ADDED AFTER COMMENTS:
There is no $2\times 2$ matrix $A$ for which $A \cdot B=B^T$ for all $B$. If there were, $B^T\cdot B^{-1}$ would be it, but that expression is not constant for all $B$. So, although transposition of $2\times 2$ matrices is a linear transformation, it is represented by a $4\times 4$ matrix, not a $2\times 2$ matrix.
The eigenvectors of the transposition transformation can indeed by found by thinking. For example, you probably already know about symmetric matrices, where $A^T=A$. This means $1$ is an eigenvalue, so which matrices are symmetric? We easily get these symmetric matrices:
$$\begin{bmatrix} a & b \\ b & d \\ \end{bmatrix}$$
That clearly is a subspace of dimension $3$, and you should easily figure out a basis.

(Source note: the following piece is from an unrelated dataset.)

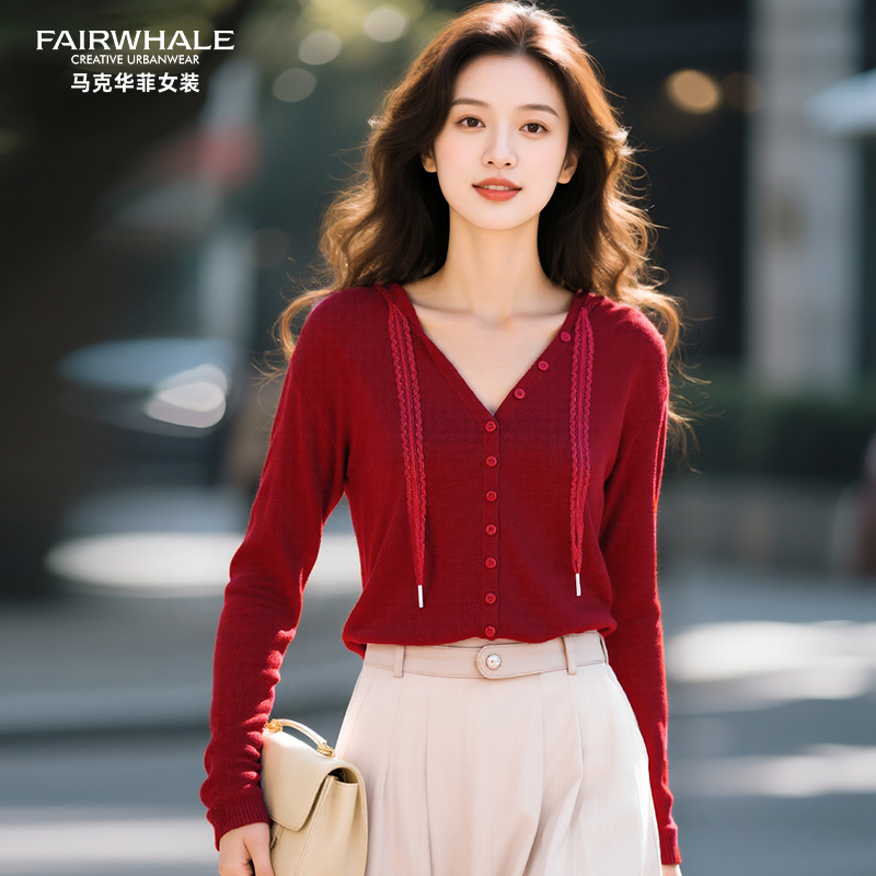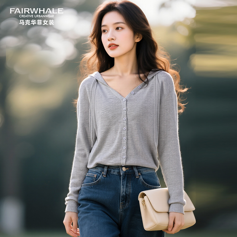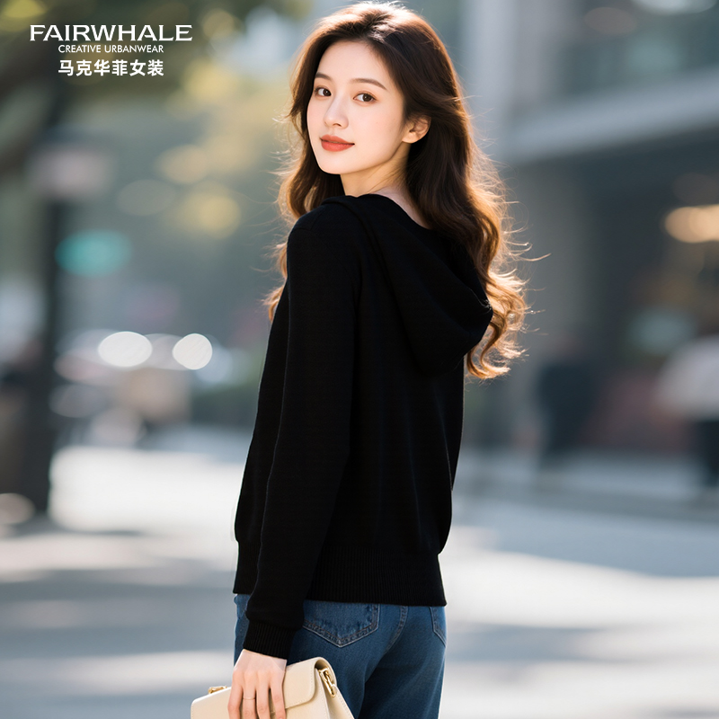 马克华菲女装韩系小清新连帽衫秋装新款卫衣开衫显瘦针织衫上衣女

You probably also already know about skew-symmetric matrices, where $A^T=-A$. This means that $-1$ is also an eigenvalue of the transposition transformation, and we find that the skew symmetric matrices are
$$\begin{bmatrix} 0 & -c \\ c & 0 \\ \end{bmatrix}$$
This is a one-dimensional subspace, with an obvious basis.
We found a $3$-dimensional subspace and a $1$-dimensional one. There is no room for any others for our $4\times 4$ transformation, so we have found all the eigenvalues.